- _Aim of the exercise_
In the entries below, which lines run from the one containing "စစ်သမီးများအား အမှတ်တရဂုဏ်ပြုပန်းခြင်း ပေးအပ်စဉ်။" to the one containing "သီဆိုကပြဖျော်ဖြေ နှစ်(၈၀)ပြည့်တပ်မတော်နေ့ အကြို"? Copy exactly those lines, ends included, and no others.

- _Entries provided_
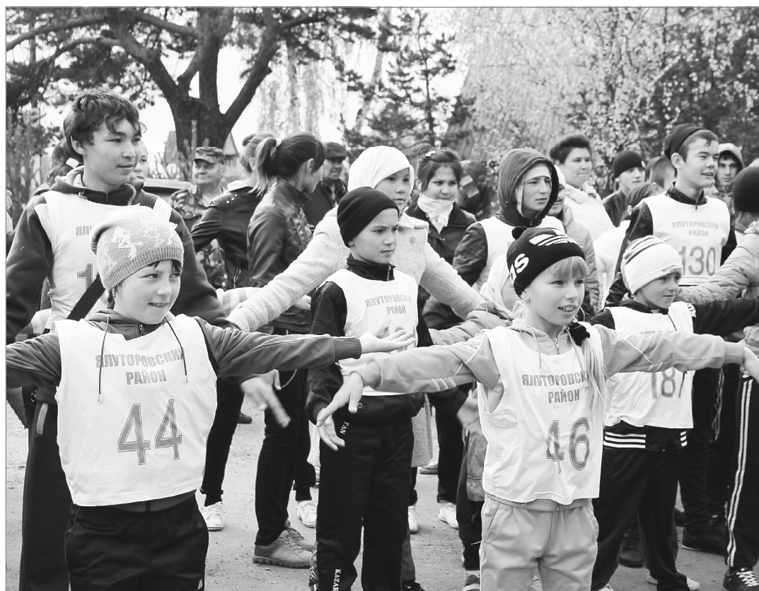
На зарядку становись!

---

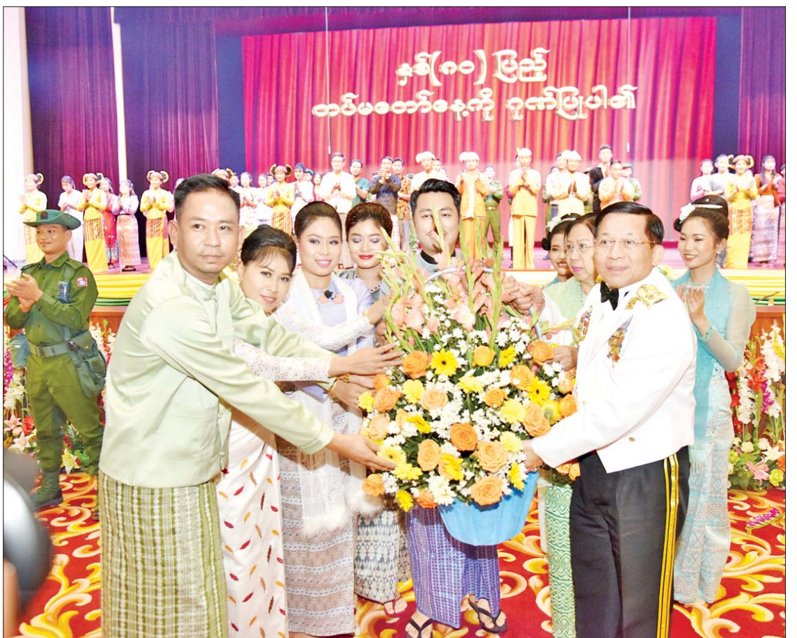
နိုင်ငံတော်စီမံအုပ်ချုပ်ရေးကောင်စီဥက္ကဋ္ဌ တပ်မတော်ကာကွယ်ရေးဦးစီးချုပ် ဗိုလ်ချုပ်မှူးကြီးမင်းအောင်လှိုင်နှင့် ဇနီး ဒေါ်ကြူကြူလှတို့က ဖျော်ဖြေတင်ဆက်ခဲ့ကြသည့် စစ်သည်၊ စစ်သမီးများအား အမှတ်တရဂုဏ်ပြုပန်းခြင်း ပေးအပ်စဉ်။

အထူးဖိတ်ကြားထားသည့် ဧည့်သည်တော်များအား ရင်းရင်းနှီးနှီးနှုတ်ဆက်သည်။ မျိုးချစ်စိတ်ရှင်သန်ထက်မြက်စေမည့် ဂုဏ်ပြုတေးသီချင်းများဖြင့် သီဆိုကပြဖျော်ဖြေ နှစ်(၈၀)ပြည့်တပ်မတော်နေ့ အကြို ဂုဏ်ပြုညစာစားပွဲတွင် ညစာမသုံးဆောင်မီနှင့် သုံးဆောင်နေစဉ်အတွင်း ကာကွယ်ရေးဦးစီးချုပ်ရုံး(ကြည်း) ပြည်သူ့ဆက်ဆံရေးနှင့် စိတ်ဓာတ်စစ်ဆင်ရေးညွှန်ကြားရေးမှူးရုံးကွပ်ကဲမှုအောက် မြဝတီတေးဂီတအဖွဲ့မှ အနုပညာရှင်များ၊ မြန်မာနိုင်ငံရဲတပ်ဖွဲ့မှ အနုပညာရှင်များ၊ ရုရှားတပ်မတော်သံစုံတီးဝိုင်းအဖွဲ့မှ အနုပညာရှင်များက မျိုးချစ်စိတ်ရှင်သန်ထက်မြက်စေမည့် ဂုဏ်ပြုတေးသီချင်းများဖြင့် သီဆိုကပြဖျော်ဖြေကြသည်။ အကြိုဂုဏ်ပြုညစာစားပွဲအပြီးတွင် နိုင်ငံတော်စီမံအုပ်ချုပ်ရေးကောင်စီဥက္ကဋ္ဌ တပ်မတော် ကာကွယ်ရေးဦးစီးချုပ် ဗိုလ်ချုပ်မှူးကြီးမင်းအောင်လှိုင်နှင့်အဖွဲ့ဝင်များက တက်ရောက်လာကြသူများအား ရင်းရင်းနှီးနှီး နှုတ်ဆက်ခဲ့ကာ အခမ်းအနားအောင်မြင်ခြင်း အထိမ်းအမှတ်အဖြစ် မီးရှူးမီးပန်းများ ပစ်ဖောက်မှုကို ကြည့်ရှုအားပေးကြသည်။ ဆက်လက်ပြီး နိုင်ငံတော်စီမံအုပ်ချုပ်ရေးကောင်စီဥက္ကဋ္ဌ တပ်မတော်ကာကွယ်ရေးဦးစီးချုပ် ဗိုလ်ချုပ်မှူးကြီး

==

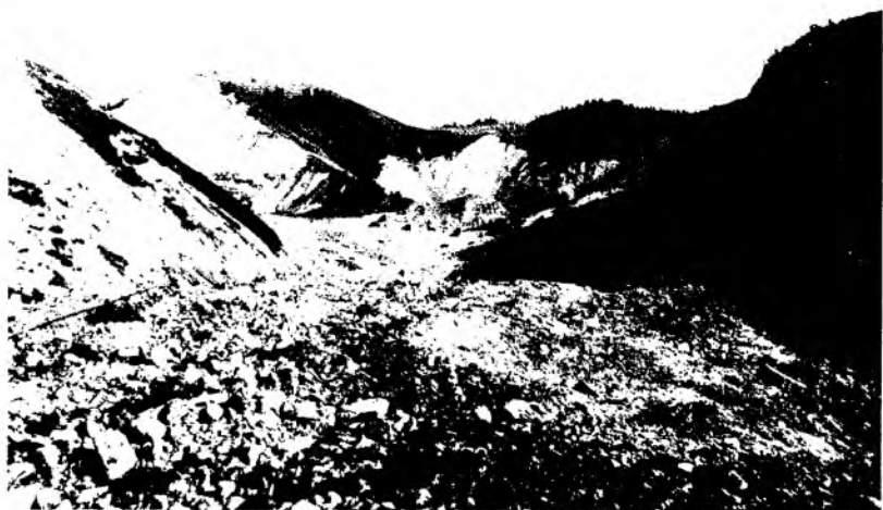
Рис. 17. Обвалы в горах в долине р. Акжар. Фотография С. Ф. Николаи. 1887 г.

- _Response box_
နိုင်ငံတော်စီမံအုပ်ချုပ်ရေးကောင်စီဥက္ကဋ္ဌ တပ်မတော်ကာကွယ်ရေးဦးစီးချုပ် ဗိုလ်ချုပ်မှူးကြီးမင်းအောင်လှိုင်နှင့် ဇနီး ဒေါ်ကြူကြူလှတို့က ဖျော်ဖြေတင်ဆက်ခဲ့ကြသည့် စစ်သည်၊ စစ်သမီးများအား အမှတ်တရဂုဏ်ပြုပန်းခြင်း ပေးအပ်စဉ်။

အထူးဖိတ်ကြားထားသည့် ဧည့်သည်တော်များအား ရင်းရင်းနှီးနှီးနှုတ်ဆက်သည်။ မျိုးချစ်စိတ်ရှင်သန်ထက်မြက်စေမည့် ဂုဏ်ပြုတေးသီချင်းများဖြင့် သီဆိုကပြဖျော်ဖြေ နှစ်(၈၀)ပြည့်တပ်မတော်နေ့ အကြို ဂုဏ်ပြုညစာစားပွဲတွင် ညစာမသုံးဆောင်မီနှင့် သုံးဆောင်နေစဉ်အတွင်း ကာကွယ်ရေးဦးစီးချုပ်ရုံး(ကြည်း) ပြည်သူ့ဆက်ဆံရေးနှင့် စိတ်ဓာတ်စစ်ဆင်ရေးညွှန်ကြားရေးမှူးရုံးကွပ်ကဲမှုအောက် မြဝတီတေးဂီတအဖွဲ့မှ အနုပညာရှင်များ၊ မြန်မာနိုင်ငံရဲတပ်ဖွဲ့မှ အနုပညာရှင်များ၊ ရုရှားတပ်မတော်သံစုံတီးဝိုင်းအဖွဲ့မှ အနုပညာရှင်များက မျိုးချစ်စိတ်ရှင်သန်ထက်မြက်စေမည့် ဂုဏ်ပြုတေးသီချင်းများဖြင့် သီဆိုကပြဖျော်ဖြေကြသည်။ အကြိုဂုဏ်ပြုညစာစားပွဲအပြီးတွင် နိုင်ငံတော်စီမံအုပ်ချုပ်ရေးကောင်စီဥက္ကဋ္ဌ တပ်မတော် ကာကွယ်ရေးဦးစီးချုပ် ဗိုလ်ချုပ်မှူးကြီးမင်းအောင်လှိုင်နှင့်အဖွဲ့ဝင်များက တက်ရောက်လာကြသူများအား ရင်းရင်းနှီးနှီး နှုတ်ဆက်ခဲ့ကာ အခမ်းအနားအောင်မြင်ခြင်း အထိမ်းအမှတ်အဖြစ် မီးရှူးမီးပန်းများ ပစ်ဖောက်မှုကို ကြည့်ရှုအားပေးကြသည်။ ဆက်လက်ပြီး နိုင်ငံတော်စီမံအုပ်ချုပ်ရေးကောင်စီဥက္ကဋ္ဌ တပ်မတော်ကာကွယ်ရေးဦးစီးချုပ် ဗိုလ်ချုပ်မှူးကြီး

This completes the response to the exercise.